What you have to do - In your copy of the listing below, reproduce each word exactly and include no pictures.

Supplied information -
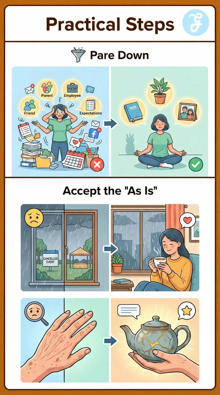 First, we must pare down. Much of our stress comes from the clutter of high expectations. We try to be the perfect parent, the perfect employee, and the perfect friend all at once. Strip away the non-essentials. Focus on the few things that truly bring you inner richness.
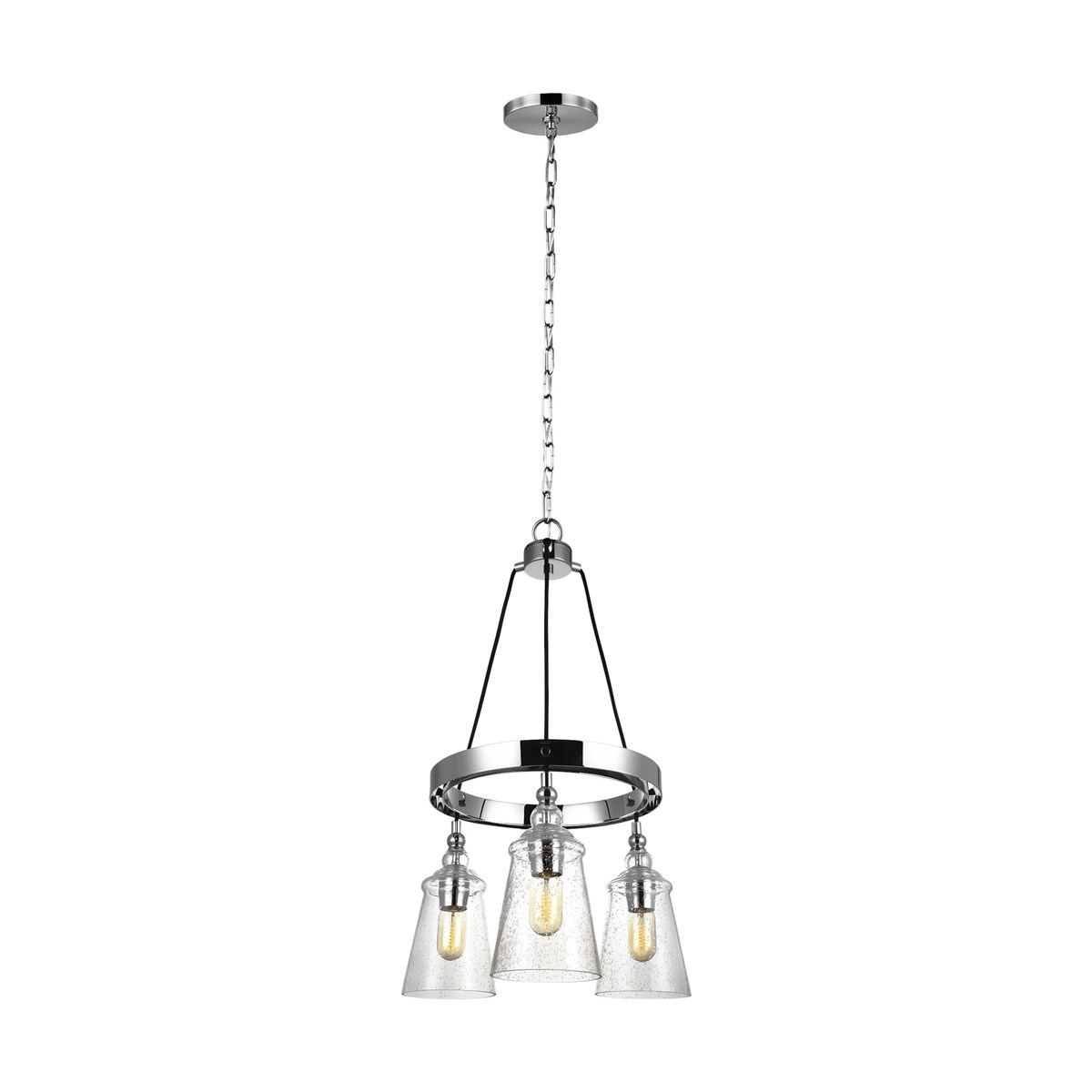 Loras is a contemporary take on historic, industrial designs. The transitional chandeliers feature multiple corded pendants beautifully suspended on either a Dark Weathered Iron or Chrome-finished frame. Clear Seeded glass shades on black fabric cords add dimension and charm to this vintage-inspired silhouette.
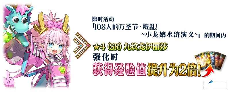 本次活动期间内,强化「★4(SR)九纹龙伊丽莎」时所获得的经验值提升为2倍。
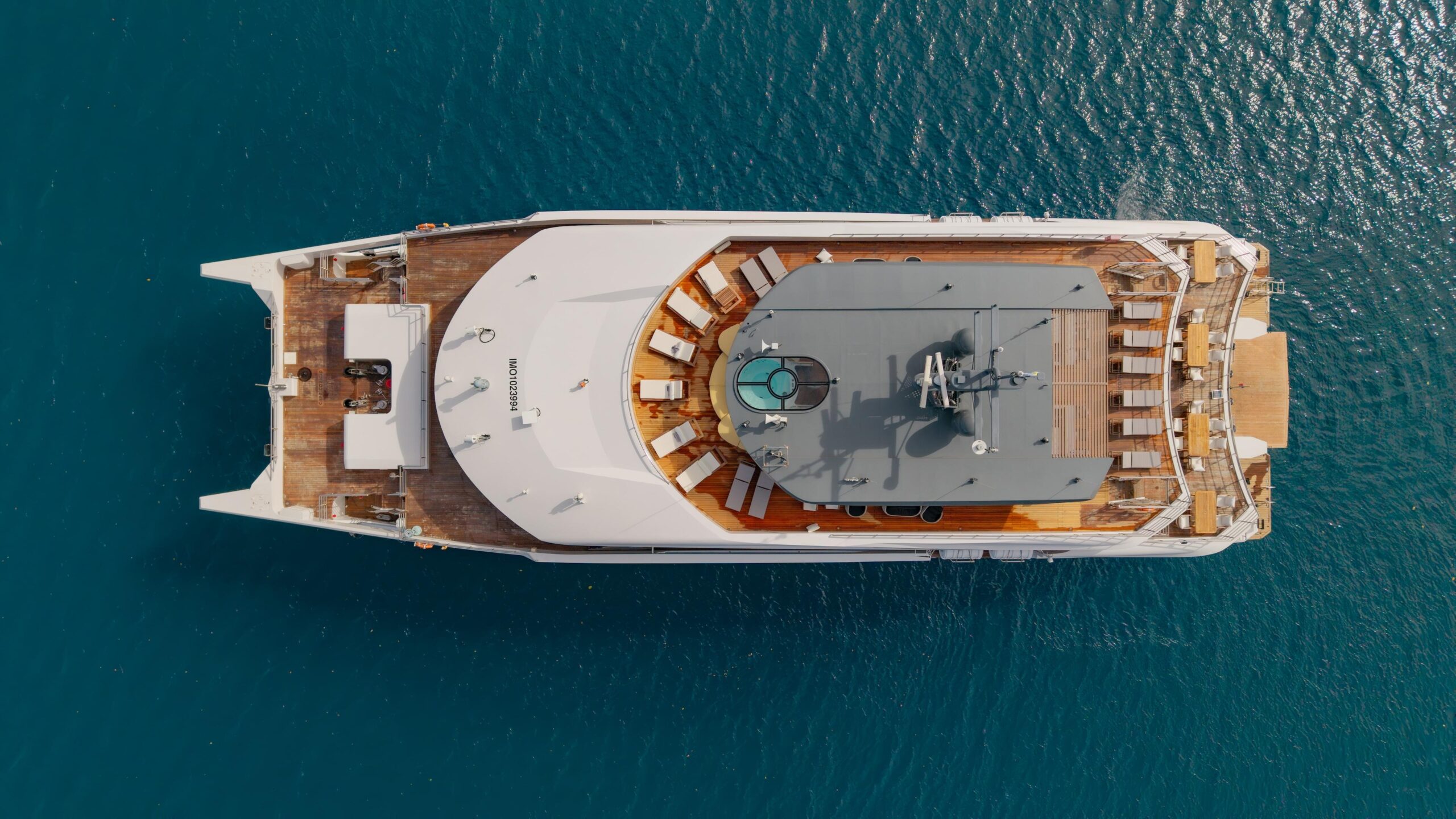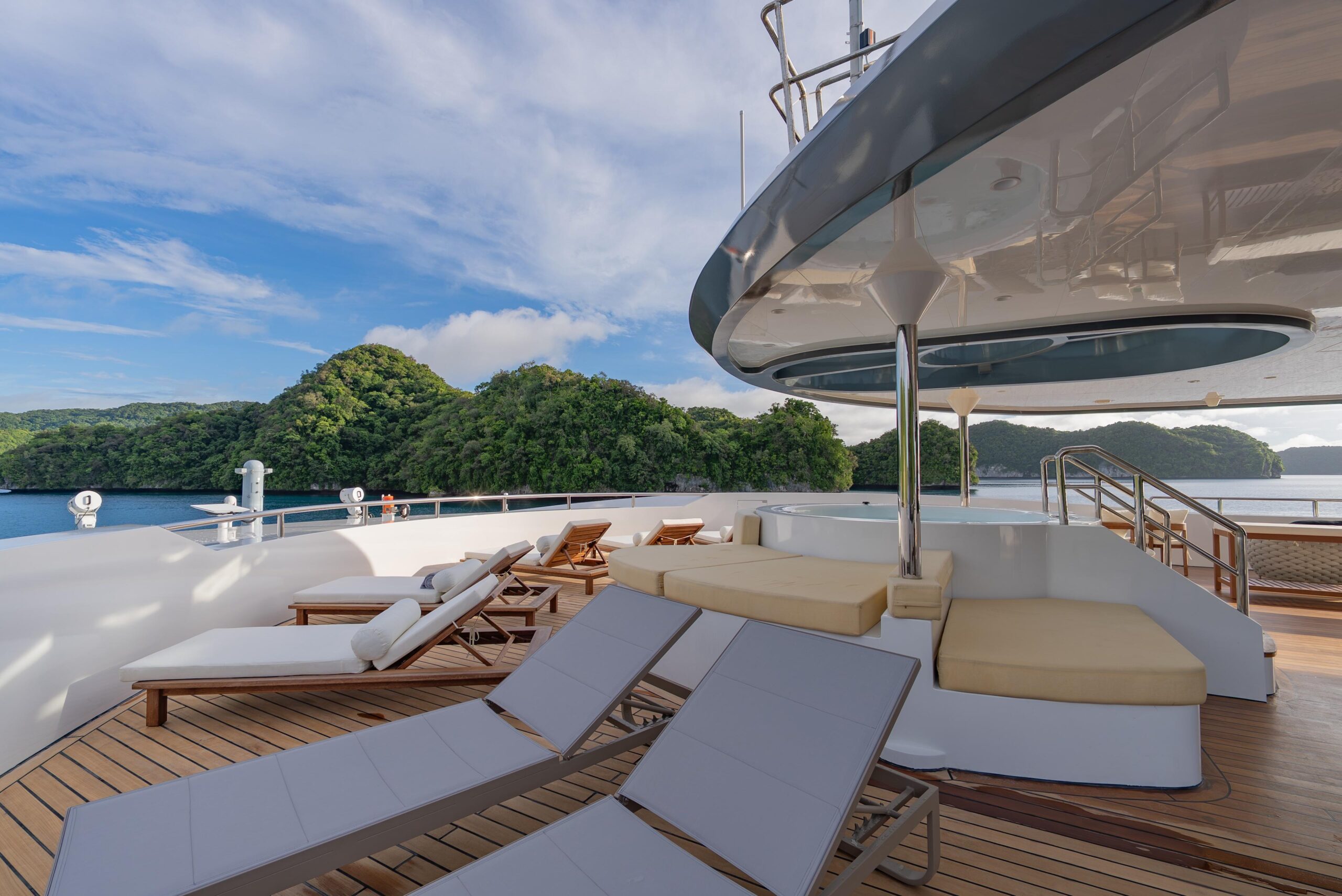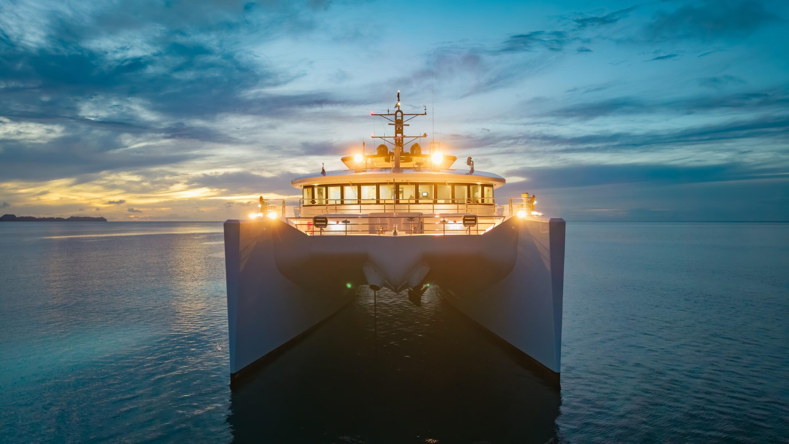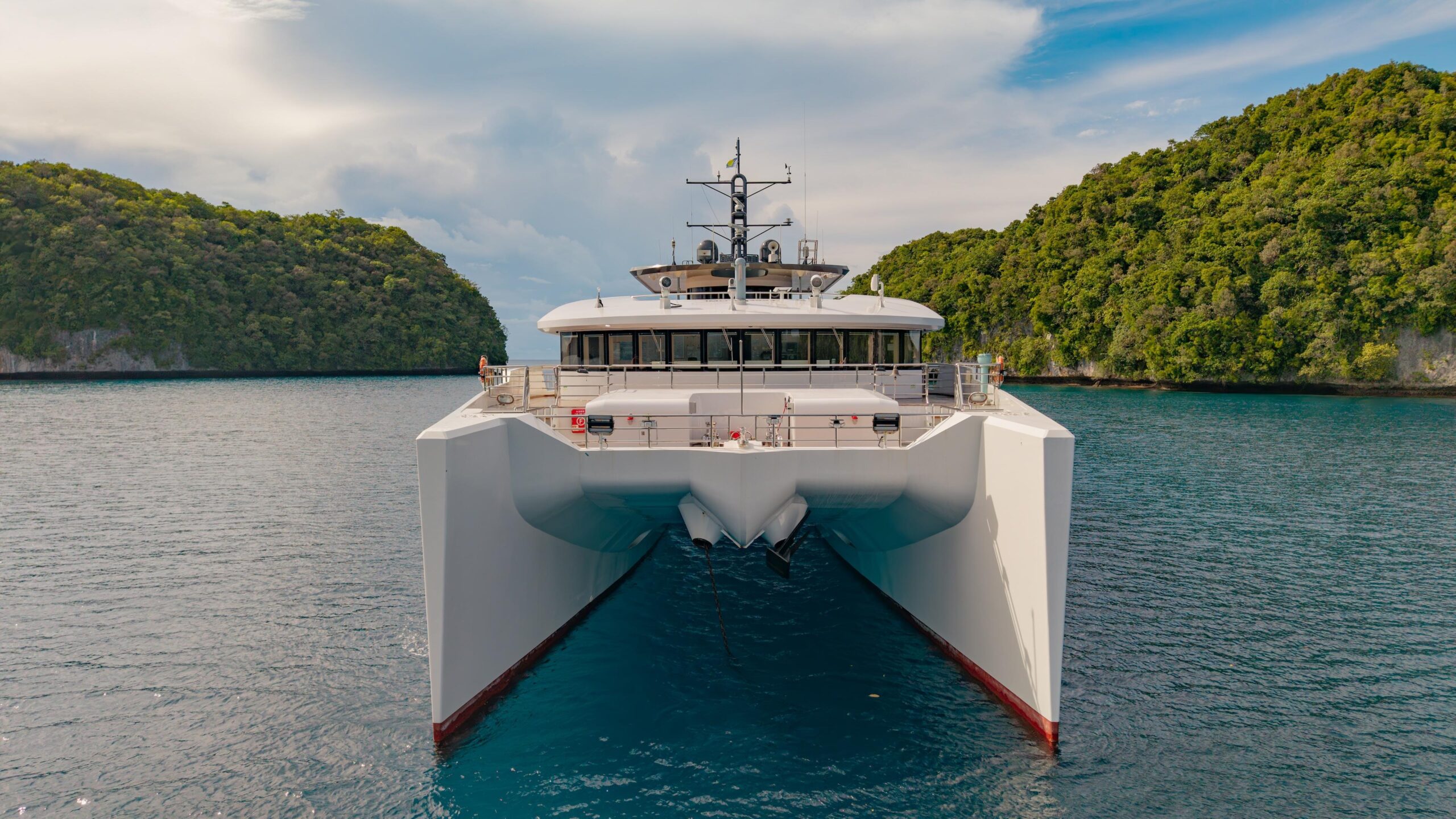 Как трёхпалубный многокорпусник, она может похвастаться валовой вместимостью 900 GT и общей площадью внешних тиковых палуб 600 квадратных метров. При этом её осадка при полной загрузке составляет всего 2,51 метра, что идеально демонстрирует преимущества многокорпусного плавания — исключительную устойчивость и эффективность, а также возможность заходить в мелководные бухты и удалённые якорные стоянки, о которых яхты такого объёма могут только мечтать.

Result of the task -
 First, we must pare down. Much of our stress comes from the clutter of high expectations. We try to be the perfect parent, the perfect employee, and the perfect friend all at once. Strip away the non-essentials. Focus on the few things that truly bring you inner richness.
 Loras is a contemporary take on historic, industrial designs. The transitional chandeliers feature multiple corded pendants beautifully suspended on either a Dark Weathered Iron or Chrome-finished frame. Clear Seeded glass shades on black fabric cords add dimension and charm to this vintage-inspired silhouette.
 本次活动期间内,强化「★4(SR)九纹龙伊丽莎」时所获得的经验值提升为2倍。
 Как трёхпалубный многокорпусник, она может похвастаться валовой вместимостью 900 GT и общей площадью внешних тиковых палуб 600 квадратных метров. При этом её осадка при полной загрузке составляет всего 2,51 метра, что идеально демонстрирует преимущества многокорпусного плавания — исключительную устойчивость и эффективность, а также возможность заходить в мелководные бухты и удалённые якорные стоянки, о которых яхты такого объёма могут только мечтать.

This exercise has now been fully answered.